Testing Models

In my last few articles, I've been dipping into the waters of "machine learning"—a powerful idea that has been moving steadily into the mainstream of computing, and that has the potential to change lives in numerous ways. The goal of machine learning is to produce a "model"—a piece of software that can make predictions with new data based on what it has learned from old data.

One common type of problem that machine learning can help solve is classification. Given some new data, how can you categorize it? For example, if you're a credit-card company, and you have data about a new purchase, does the purchase appear to be legitimate or fraudulent? The degree to which you can categorize a purchase accurately depends on the quality of your model. And, the quality of your model will generally depend on not only the algorithm you choose, but also the quantity and quality of data you use to "train" that model.

Implied in the above statement is that given the same input data, different algorithms can produce different results. For this reason, it's not enough to choose a machine-learning algorithm. You also must test the resulting model and compare its quality against other models as well.

So in this article, I explore the notion of testing models. I show how Python's scikit-learn package, which you can use to build and train models, also provides the ability to test them. I also describe how scikit-learn provides tools to compare model effectiveness.

Testing Models

What does it even mean to "test" a model? After all, if you have built a model based on available data, doesn't it make sense that the model will work with future data?

Perhaps, but you need to check, just to be sure. Perhaps the algorithm isn't quite appropriate for the type of data you're examining, or perhaps there wasn't enough data to train the model well. Or, perhaps the data was flawed and, thus, didn't train the model effectively.

But, one of the biggest problems with modeling is that of "overfitting". Overfitting means that the model does a great job of describing the training data, but that it is tied to the training data so closely and specifically, it cannot be generalized further.

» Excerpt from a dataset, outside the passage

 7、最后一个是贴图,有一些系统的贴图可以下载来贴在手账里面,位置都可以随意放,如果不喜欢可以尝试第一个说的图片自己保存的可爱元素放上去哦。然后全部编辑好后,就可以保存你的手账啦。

For example, let's assume that a credit-card company wants to model fraud. You know that in a large number of cases, people use credit cards to buy expensive electronics. An overfit model wouldn't just give extra weight to someone buying expensive electronics in its determination of fraud; it might look at the exact price, location and type of electronics being bought. In other words, the model will precisely describe what has happened in the past, limiting its ability to generalize and predict the future.

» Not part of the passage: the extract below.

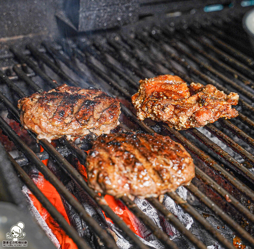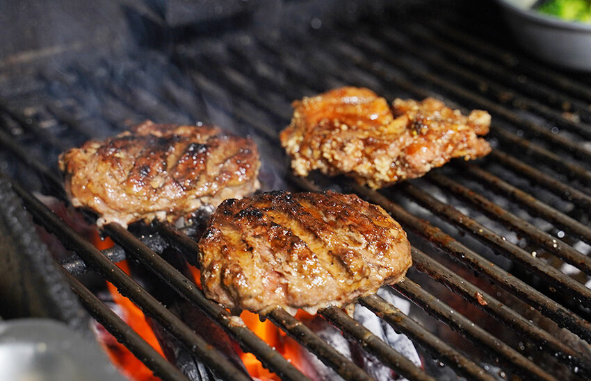 透過炭火炙熱讓主食肉排可以鎖住水嫩、讓表面帶出焦香氣味

Imagine if you could read letters that were only from a font you had previously learned, and you can further understand the limitations of overfitting.

How do you avoid overfit models? You check them with a variety of input data. If the model performs well with a number of different inputs, it should work well with a number of outputs.

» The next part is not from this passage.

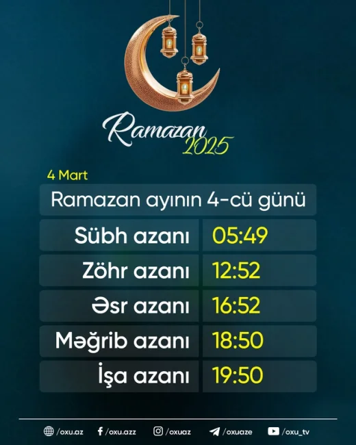 Qafqaz Müsəlmanları İdarəsinin açıqladığı Ramazan təqviminə əsasən, martın 4-də imsak vaxtı saat 05:44-də, iftar vaxtı isə 18:50-dədir.

In my last article, I continued to look at data from a semi-humorous study in which evaluations were made of burritos at a variety of restaurants in Southern California. Examining this data allowed one to identify which elements of a burrito were important (or not) in the overall burrito's quality assessment. Here, in summary, are the steps I took inside a Jupyter notebook window in order to create and assess the data:

%pylab inline
import pandas as pd                     # load pandas with an alias
from pandas import Series, DataFrame    # load useful Pandas classes
df = pd.read_csv('burrito.csv')         # read into a data frame

burrito_data = df[range(11,24)]
burrito_data.drop(['Circum', 'Volume', 'Length'], axis=1, inplace=True)
burrito_data.dropna(inplace=True, axis=0)

y = burrito_data['overall']
X = burrito_data.drop(['overall'], axis=1)

from sklearn.neighbors import KNeighborsRegressor  # import
                                                   # classifier
KNR = KNeighborsRegressor()                        # create a model
KNR.fit(X, y)                                      # train the model

So, is the model good or not? You can know only if you try to make some predictions for which you know the answers, and see whether the model predicts things correctly.

Where can you find data about which you already know the answers? In the input data, of course! You can ask the model (KNR) to make predictions about X and compare those with y. If the model were performing categorization, you even could examine it by hand to get a basic assessment. But using regression, or even a large-scale categorization model, you're going to need a more serious set of metrics.

Fortunately, scikit-learn comes with a number of metrics you can use. If you say:

from sklearn import metrics

then you have access to methods that can be used to compare your predicted values (that is, from the original "y" vector) to the values that were computed by the model. You can apply several scores to the model; one of them would be the "explained variance score". You can get that as follows:

y_test = KNR.predict(X)

from sklearn import metrics
metrics.mean_squared_error(y_test, y)